[Extracted records]
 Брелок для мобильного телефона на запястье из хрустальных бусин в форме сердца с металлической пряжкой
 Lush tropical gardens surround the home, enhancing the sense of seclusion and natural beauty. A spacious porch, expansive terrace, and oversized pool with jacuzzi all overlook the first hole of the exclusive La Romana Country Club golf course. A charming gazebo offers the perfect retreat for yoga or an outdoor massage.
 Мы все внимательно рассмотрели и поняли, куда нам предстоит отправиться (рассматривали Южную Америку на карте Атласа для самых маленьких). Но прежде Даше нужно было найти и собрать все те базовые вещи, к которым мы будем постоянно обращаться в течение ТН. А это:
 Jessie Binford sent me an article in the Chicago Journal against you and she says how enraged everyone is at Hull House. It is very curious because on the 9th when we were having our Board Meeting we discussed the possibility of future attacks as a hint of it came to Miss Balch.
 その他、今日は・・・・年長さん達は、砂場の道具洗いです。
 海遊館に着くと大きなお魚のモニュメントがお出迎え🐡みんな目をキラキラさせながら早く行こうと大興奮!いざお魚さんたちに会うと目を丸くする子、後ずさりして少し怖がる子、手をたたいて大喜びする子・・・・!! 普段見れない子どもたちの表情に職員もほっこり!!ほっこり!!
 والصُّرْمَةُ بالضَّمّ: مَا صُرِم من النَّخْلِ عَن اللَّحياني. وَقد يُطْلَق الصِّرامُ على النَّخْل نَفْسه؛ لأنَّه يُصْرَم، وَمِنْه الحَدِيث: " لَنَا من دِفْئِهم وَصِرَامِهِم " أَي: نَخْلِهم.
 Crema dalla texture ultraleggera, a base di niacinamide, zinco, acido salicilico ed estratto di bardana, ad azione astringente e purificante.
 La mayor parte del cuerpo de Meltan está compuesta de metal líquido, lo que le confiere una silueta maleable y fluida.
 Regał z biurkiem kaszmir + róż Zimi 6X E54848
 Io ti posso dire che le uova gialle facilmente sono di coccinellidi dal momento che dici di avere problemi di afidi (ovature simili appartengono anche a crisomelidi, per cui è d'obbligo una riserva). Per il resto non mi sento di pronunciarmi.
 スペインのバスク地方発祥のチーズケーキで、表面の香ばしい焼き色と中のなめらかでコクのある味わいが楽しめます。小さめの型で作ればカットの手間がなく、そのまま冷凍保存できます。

:: Task prompt ::
Starting with the line that holds "Lush tropical gardens" and ending with the line that holds "Мы все внимательно", retype every line in the data above exactly, and nothing else.

:: Result below ::
 Lush tropical gardens surround the home, enhancing the sense of seclusion and natural beauty. A spacious porch, expansive terrace, and oversized pool with jacuzzi all overlook the first hole of the exclusive La Romana Country Club golf course. A charming gazebo offers the perfect retreat for yoga or an outdoor massage.
 Мы все внимательно рассмотрели и поняли, куда нам предстоит отправиться (рассматривали Южную Америку на карте Атласа для самых маленьких). Но прежде Даше нужно было найти и собрать все те базовые вещи, к которым мы будем постоянно обращаться в течение ТН. А это:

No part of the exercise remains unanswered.